The needed output is the run of lines below from the one containing "Druhou částí této" through the one containing "Sutradan odemo mi", copied exactly and free of pictures.

(Excerpts from a dataset)
********************

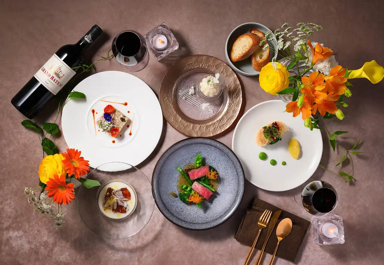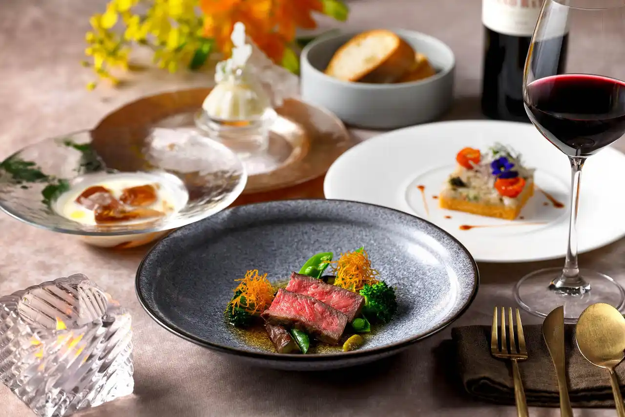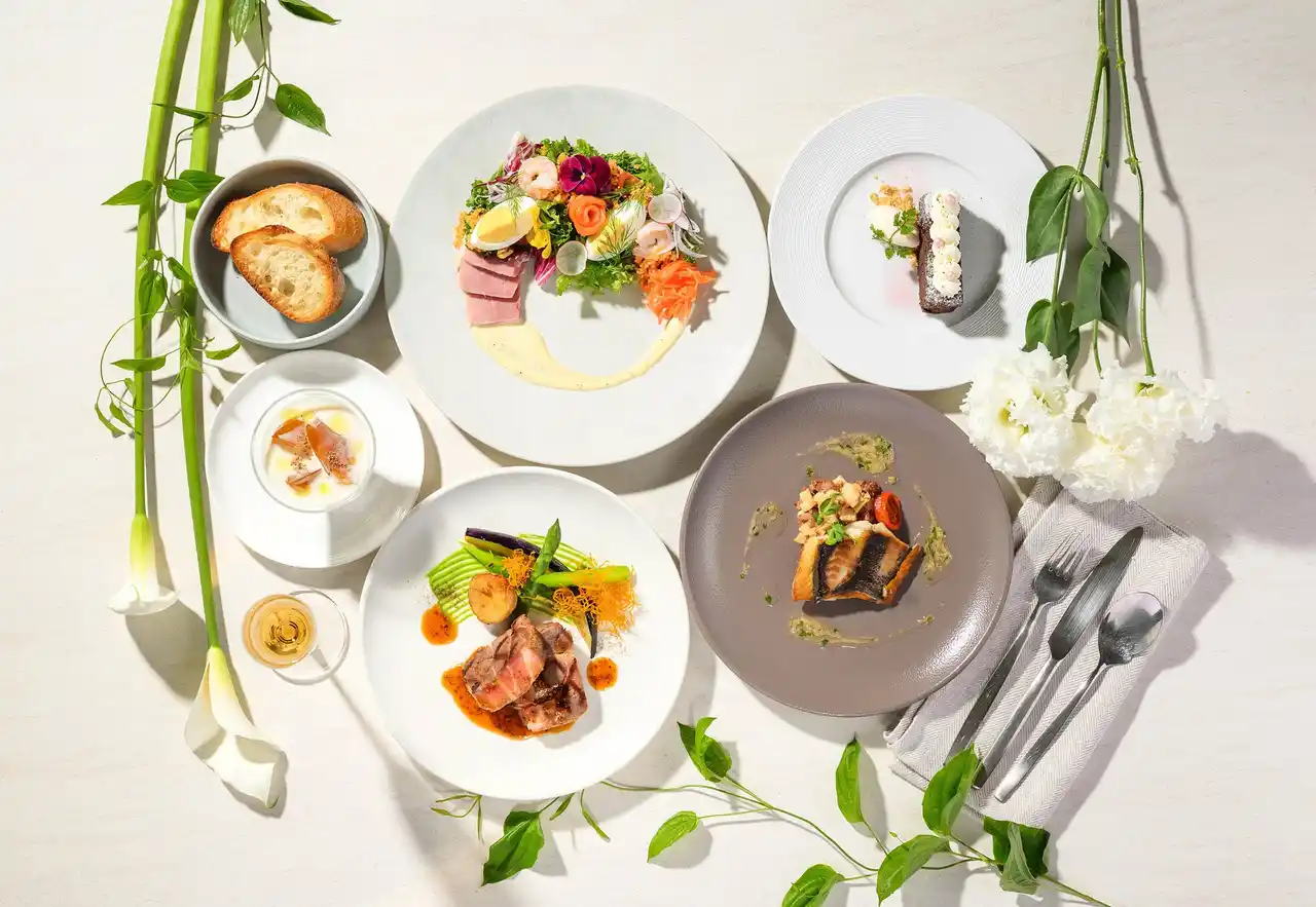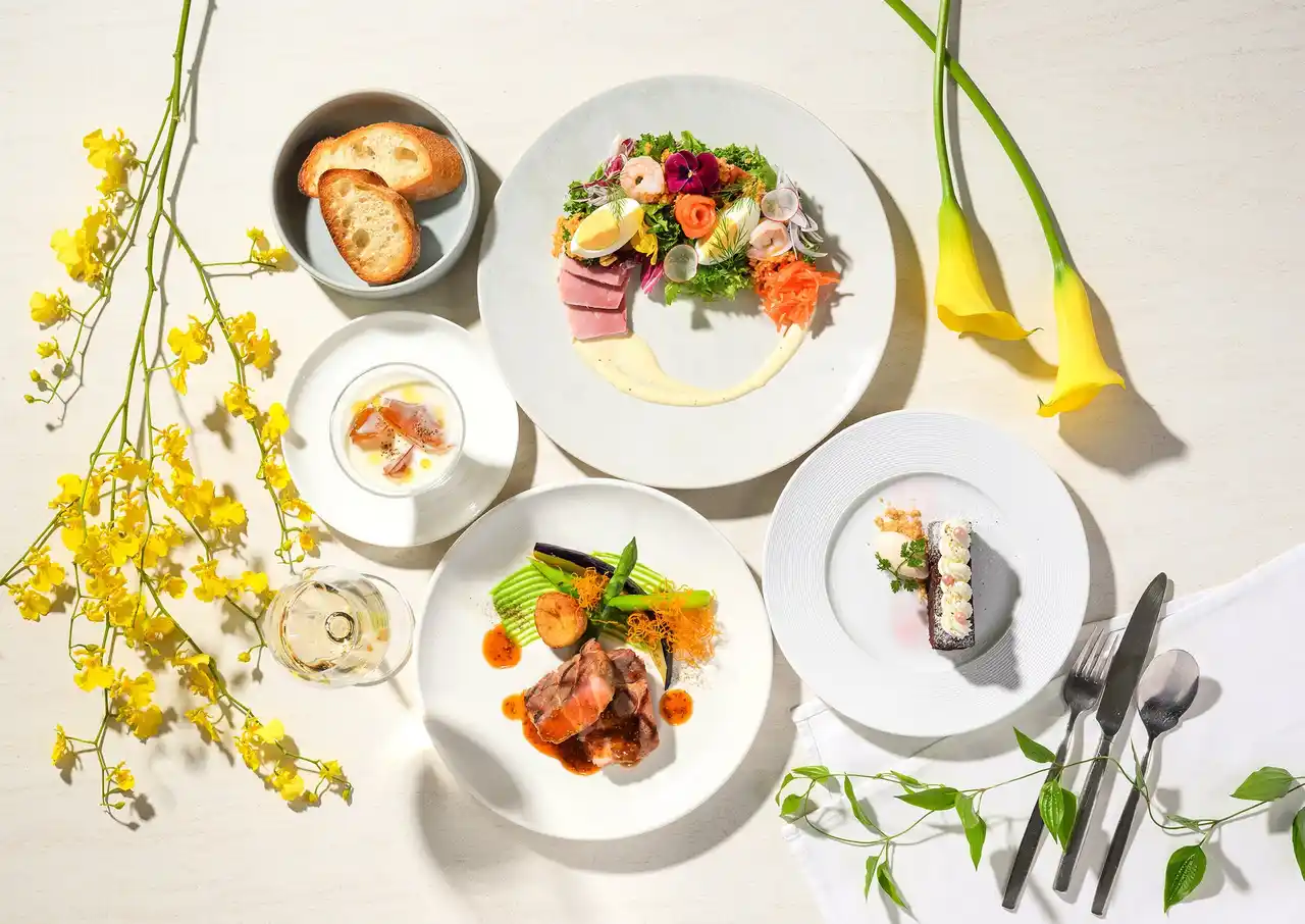 スイーツコレクションに加え、5月1日(金)からランチ・ディナーコースが新たな装いで登場いたします。季節ごとに旬の食材を取り入れたコースメニューを、今回は結婚式場併設カフェならではの祝祭感や多幸感を大切に、一皿ごとのビジュアルや演出により磨きをかけてご用意いたしました。素材の魅力を最大限に引き出した味わいとともに、祝福のシーンを想起させる華やかなビジュアルへと仕立て、大切な記念日にもふさわしい特別感あふれる内容へとブラッシュアップ。さらに、ディナーコースのデザートには、本フェアの象徴である「花嫁スイーツ」をご用意いたします。お食事の始まりからデザートの瞬間まで、祝祭感と多幸感に包まれる、心華やぐひとときをお楽しみください。 |
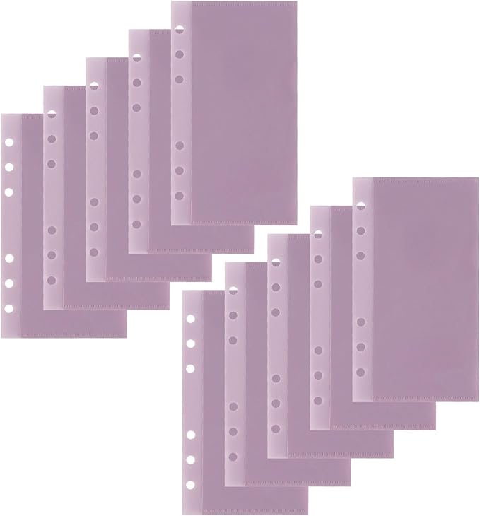 A6 Binder Pockets with No Zipper, Koqye Blue 10 Pcs Plastic Zipless Budget Envelopes, Two Pockets Frosted Cash Envelopes Money Bag for Budgeting, Cash Stuffing (Purple-2set)
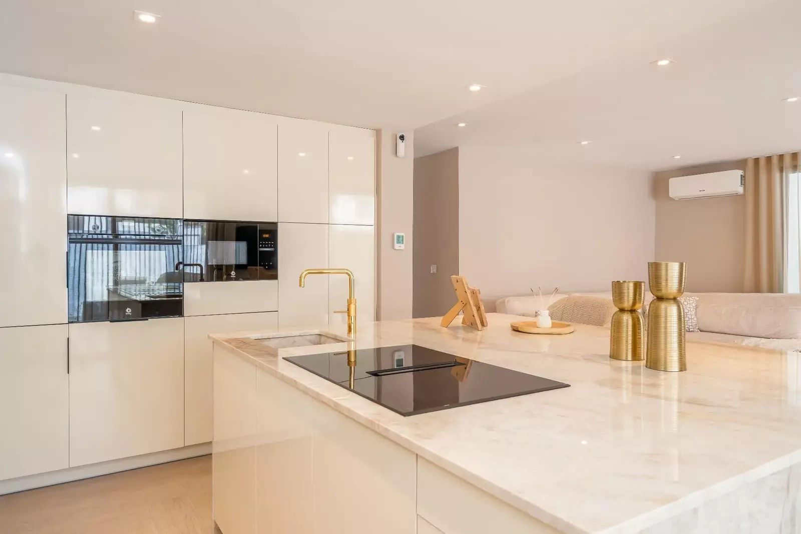 Druhou částí této exkluzivní nabídky je samostatný apartmán s vlastním přístupem z vedlejší ulice, což zajišťuje naprostou intimitu obou jednotek. Apartmán disponuje třemi ložnicemi, koupelnou a obývacím pokojem s integrovanou kuchyní. I tato část má svou vlastní velkou terasu, nezávislý bazén a vyhrazené parkovací stání. Díky oficiální turistické licenci představuje tento objekt výjimečnou investiční příležitost s garantovaným celoročním příjmem.
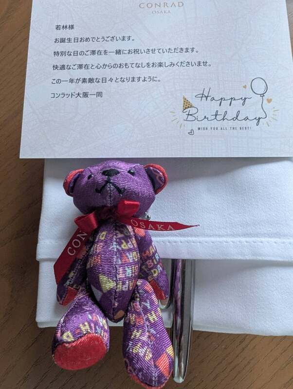 私のお誕生日は、母親接待デー。今年は、1年前からポイントを貯めたり、計画的に準備を進めていたコンラッド大阪へ。
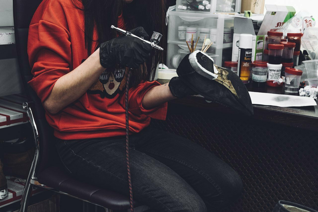 Покраска обуви и сумок из любых материалов с использованием итальянских профессиональных красителей и пневмоинструмента.
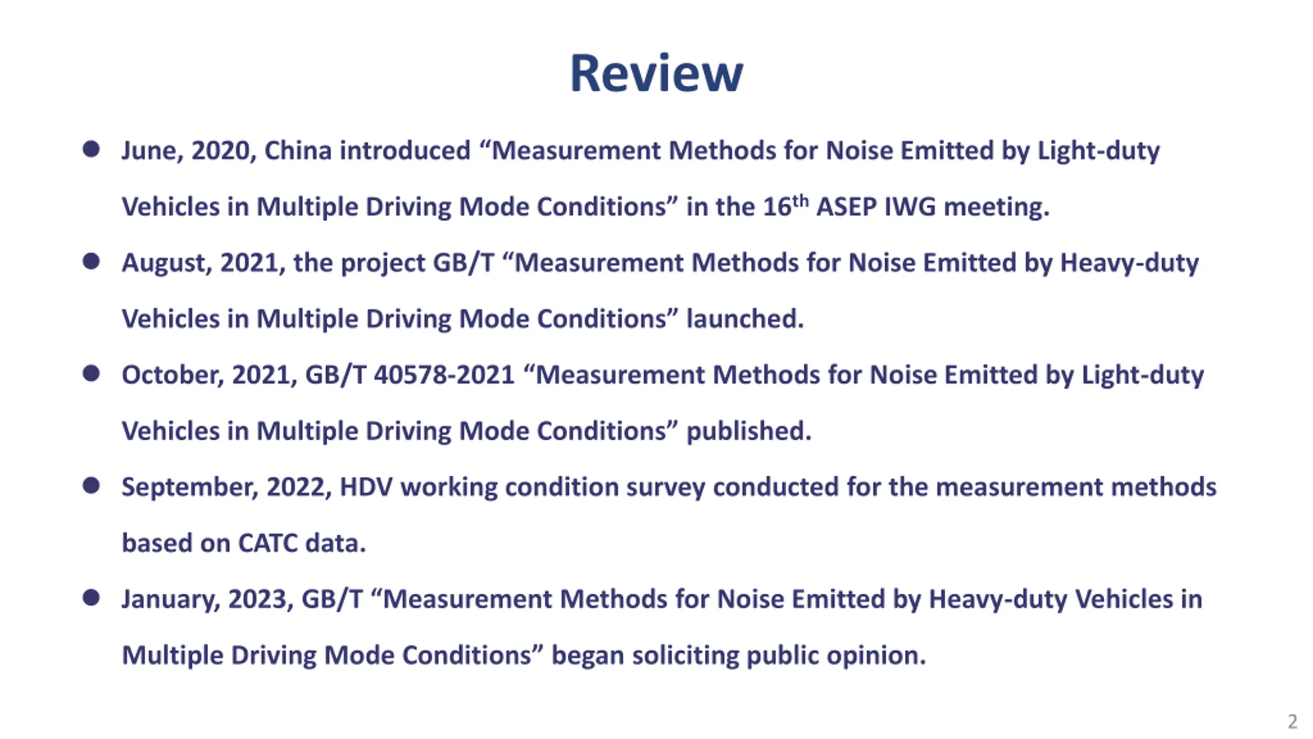 Review June, 2020, China introduced Measurement Methods for Noise Emitted by Light-duty Vehicles in Multiple Driving Mode Conditions in the 16thASEP IWG meeting. August, 2021, the project GB/T Measurement Methods for Noise Emitted by Heavy-duty Vehicles in Multiple Driving Mode Conditions launched. October, 2021, GB/T 40578-2021 Measurement Methods for Noise Emitted by Light-duty Vehicles in Multiple Driving Mode Conditions published. September, 2022, HDV working condition survey conducted for the measurement methods based on CATC data. January, 2023, GB/T Measurement Methods for Noise Emitted by Heavy-duty Vehicles in Multiple Driving Mode Conditions began soliciting public opinion. 2
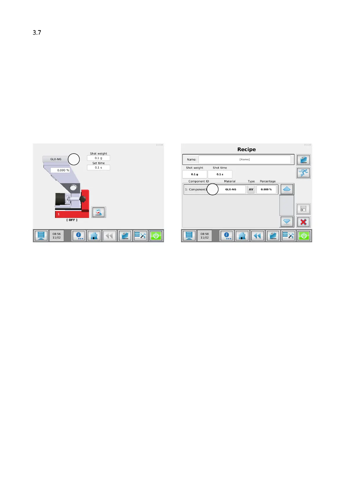 (1), or by pressing the material name in the recipe menu (2).
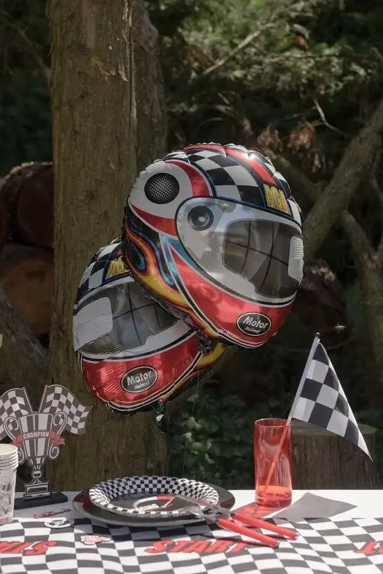 Créez une jolie mise en scène décorative dans votre salle en utilisant ce ballon alu "casque de circuit".
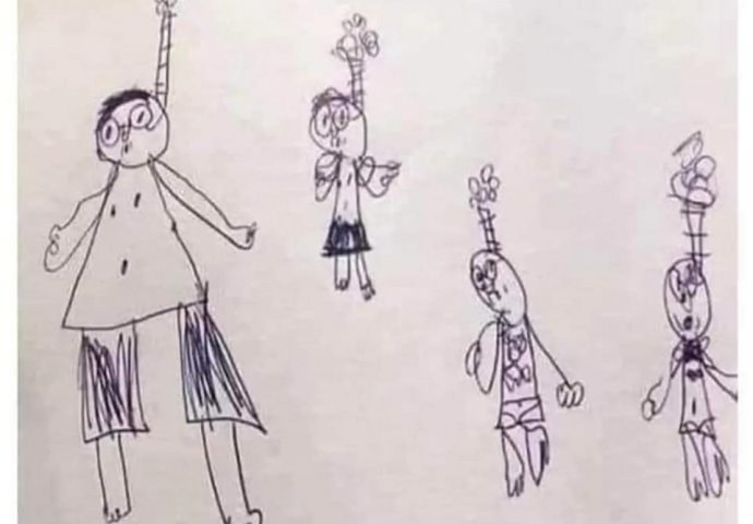 Sutradan odemo mi u školu i učitelj nam pokaza crtež pa reče: “Zamolio sam ga da nacrta svoju porodicu i on je nacrtao ovo. Možete li vi meni ovo objasniti?”
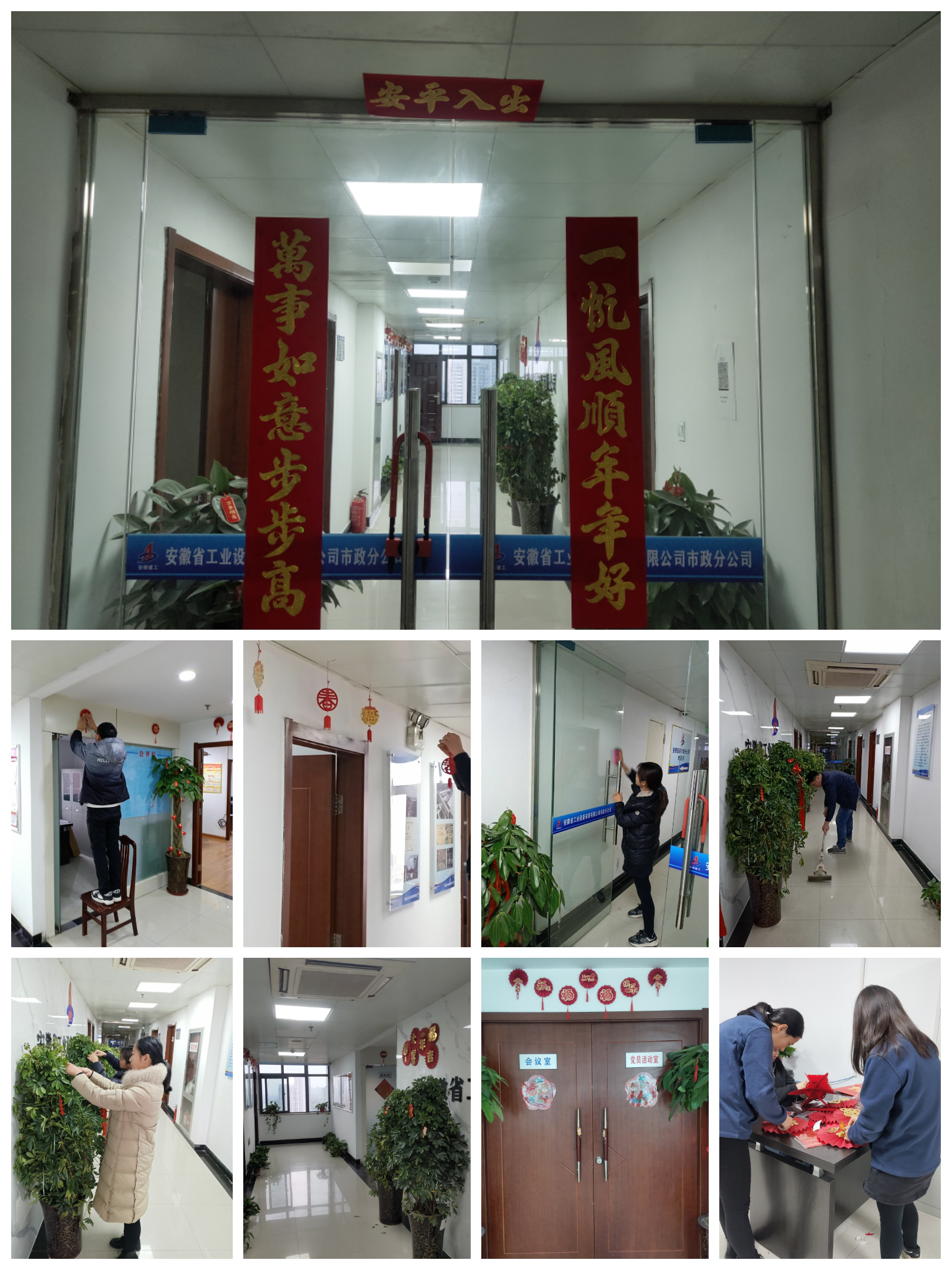 作為市政分公司掛牌成立后的第一個(gè)春節(jié),工會提前準(zhǔn)備好拉花、拉旗等喜慶裝飾物,號召機(jī)關(guān)青年、團(tuán)員自己動手張貼。此次活動得到大家的積極響應(yīng),員工們齊心協(xié)力、分工協(xié)作對辦公區(qū)域進(jìn)行衛(wèi)生清潔與氛圍裝點(diǎn),在機(jī)關(guān)走廊懸掛喜慶裝飾品,讓分公司處處充滿濃濃年味,紅紅火火、喜氣洋洋地迎接新一年的到來。

********************

Answer to the exercise
 Druhou částí této exkluzivní nabídky je samostatný apartmán s vlastním přístupem z vedlejší ulice, což zajišťuje naprostou intimitu obou jednotek. Apartmán disponuje třemi ložnicemi, koupelnou a obývacím pokojem s integrovanou kuchyní. I tato část má svou vlastní velkou terasu, nezávislý bazén a vyhrazené parkovací stání. Díky oficiální turistické licenci představuje tento objekt výjimečnou investiční příležitost s garantovaným celoročním příjmem.
 私のお誕生日は、母親接待デー。今年は、1年前からポイントを貯めたり、計画的に準備を進めていたコンラッド大阪へ。
 Покраска обуви и сумок из любых материалов с использованием итальянских профессиональных красителей и пневмоинструмента.
 Review June, 2020, China introduced Measurement Methods for Noise Emitted by Light-duty Vehicles in Multiple Driving Mode Conditions in the 16thASEP IWG meeting. August, 2021, the project GB/T Measurement Methods for Noise Emitted by Heavy-duty Vehicles in Multiple Driving Mode Conditions launched. October, 2021, GB/T 40578-2021 Measurement Methods for Noise Emitted by Light-duty Vehicles in Multiple Driving Mode Conditions published. September, 2022, HDV working condition survey conducted for the measurement methods based on CATC data. January, 2023, GB/T Measurement Methods for Noise Emitted by Heavy-duty Vehicles in Multiple Driving Mode Conditions began soliciting public opinion. 2
 (1), or by pressing the material name in the recipe menu (2).
 Créez une jolie mise en scène décorative dans votre salle en utilisant ce ballon alu "casque de circuit".
 Sutradan odemo mi u školu i učitelj nam pokaza crtež pa reče: “Zamolio sam ga da nacrta svoju porodicu i on je nacrtao ovo. Možete li vi meni ovo objasniti?”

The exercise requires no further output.